Fallbeispiel Funktionsträgerbauteil
Das Fallbeispiel, das sogenannte Funktionsträgerbauteil, ist ein Spritzgießbauteil das in der Automobilanwendung zur sicheren Aufnahme einer Batterie dient. Dieses Bauteil (Referenz) wird aus einem Polyamid 6.6 mit 50 Gewichts-% Glasfaserverstärkung (PA6.6-GF50) gefertigt.
Für das Funktionsträgerbauteil wurde eine Fallstudie entwickelt, deren Maßnahmen eine deutliche Senkung der Treibhausgasemissionen in allen Phasen entlang des Produktlebenszyklus (cradle-to-grave-Ansatz) bewirken. Die Hauptwerkzeuge in diesem sog. Eco-Szenario sind
- die Materialauswahl unter Berücksichtigung der Kreislaufwirtschaft – das Funktionsträgerbauteil wird zu einem Anteil von 70 Gewichts-% aus einem Polypropylen/Polyethylen-Mix (PP/PE) aus dem Hausmüllrecycling (Post Consumer Recycling (PCR)) gefertigt,
- die Nutzung regenerativer Energien in der Produktion – die elektrische Energie zur Spritzgießfertigung des Funktionsträgerbauteils stammt zu 100 % aus regenerativen Quellen und
- die Erhöhung der Materialeffizienz durch Leichtbau – das Funktionsträgerbauteil wird in einem OneShot-Spritzgussprozess aus zwei Komponenten (2K) gefertigt, wobei die Kernschicht aus PP/PE-PCR geschäumt wird (Thermoplast-Schaumspritzgießen) und für die Hautschicht ein zu 40 Gewichts-% langfaser-verstärktes PP (PP-LGF40) zum Einsatz kommt.
Das Eco-Szenario basiert auf den Entwicklungen im Rahmen des F&E-Projekts Funktionsträger des KUZ in Zusammenarbeit mit der YOUR Solution GmbH & Co.
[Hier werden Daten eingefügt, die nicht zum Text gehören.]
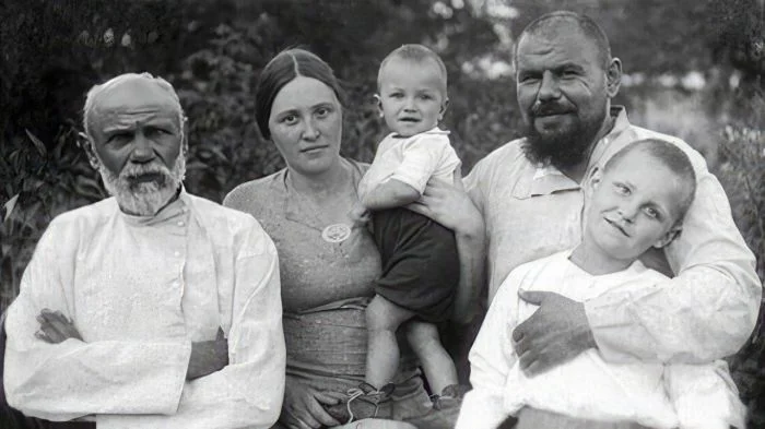 Слева направо: глава семьи Фёдор Иванович, Леонид, его мама Зинаида Панкратовна, соседка и сестра Луиза.
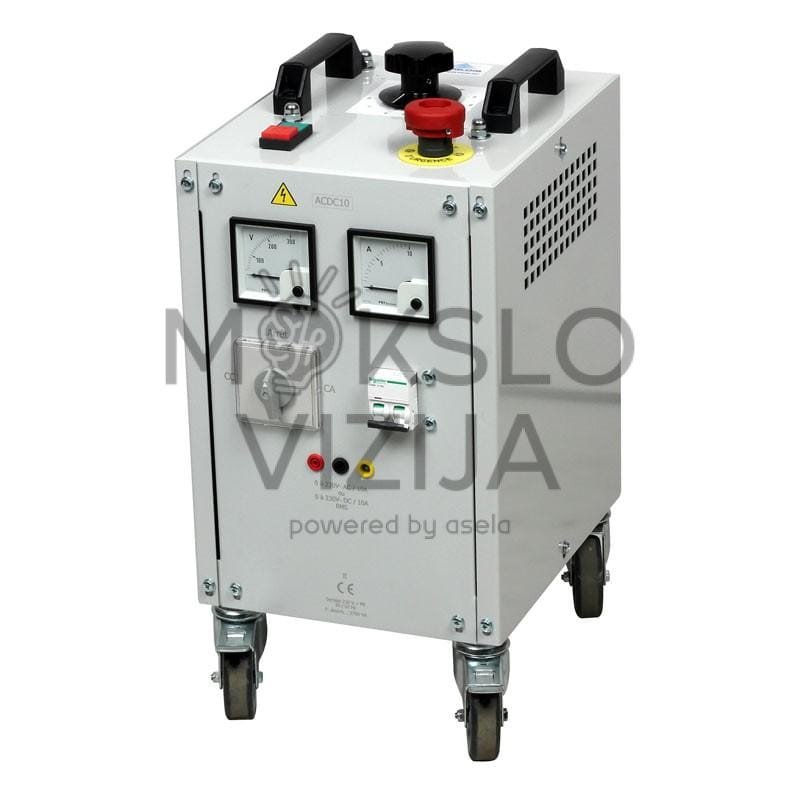 Galingas ir mobilus maitinimo šaltinis, skirtas tiek kintamosios (AC), tiek nuolatinės (DC) įtampos tiekimui elektrotechnikos mokymuose, bandymuose ir dirbtuvėse. Įrenginys sumontuotas ant ratukų su stabdžiais, todėl patogiai perkeliamas ir stabiliai laikomas darbo vietoje.

KG sowie der Unterstützung durch die Koller Kunststofftechnik GmbH. Dabei konnte unter Verwendung der genannten Materialien und mit Hilfe des Thermoplast-Schaumspritzgießens (TSG) eine deutliche Gewichtsreduktion erzielt werden. Durch konsequente Umsetzung eines TSG-gerechten Bauteildesigns konnte die spezifische Biegesteifigkeit im Vergleich zur Referenz sogar leicht verbessert werden.
Berechnung des CO2-Fußabdrucks und Auswertung der Ergebnisse
Die Referenz und das Eco-Szenario wurden mit der Software Umberto LCA+ modelliert und mit Daten aus der Ecoinvent-Datenbank und Plastics Europe untersetzt. Anschließend wurde durch Berechnung des Modells ein CO2-Fußabdruck für jede Phase des Produktlebenszyklus ermittelt. Auf diese Weise kann die Wirksamkeit jeder Maßnahme im Eco-Szenario differenziert bewertet werden.
Fazit
Der CO2-Fußabdruck (cradle-to-grave) des Funktionsträgerbauteils konnte mit Hilfe des Eco-Szenarios um ca. 40 % gegenüber der Referenz gesenkt werden. Anhand der Berechnungen wird deutlich, welch großen Einfluss eine gezielte Werkstoffauswahl auf die potenziellen Treibhausgasemissionen hat. Durch die Verwendung von Kunststofftypen mit niedrigem CO2-Fußabdruck kombiniert mit Sekundärrohstoffen (hier PP/PE-PCR) kann eine deutliche Reduktion der Treibhausgasemissionen erzielt werden. Zudem zeigt das berechnete Szenario die hohe Relevanz des Bauteilgewichts bei bewegten Bauteilen auf. Insbesondere bei einer ausgeprägten Nutzungsphase mit zahlreichen Beschleunigungsvorgängen (hier Komponente in PKW) erschließt sich durch konsequente Anwendung von Leichtbauweisen ein erhebliches Einsparpotenzial der Treibhausgasemissionen. So konnten mit Hilfe des Thermoplast-Schaumspritzgießens das Bauteilgewicht und damit auch die bauteilbezogenen Treibhausgasemissionen in der Nutzungsphase bei vergleichbarer mechanischer Performance um 25 % reduziert werden.
Die vorliegenden Untersuchungen verdeutlichen, wie wichtig die ganzheitliche Betrachtung entlang des gesamten Produktlebenszyklus ist. Werden bei dem beschriebenen Funktionsträgerbauteil lediglich die Phasen Rohstoff+Vorprodukte und Produktion betrachtet (cradle-to-gate-Ansatz), so ändert sich die Emissionsverteilung und folglich auch die Priorisierung potenzieller Optimierungsmaßnahmen zur Senkung des CO2-Fußabdrucks.
Pressemitteilung des KUZ vom 03.11.2022.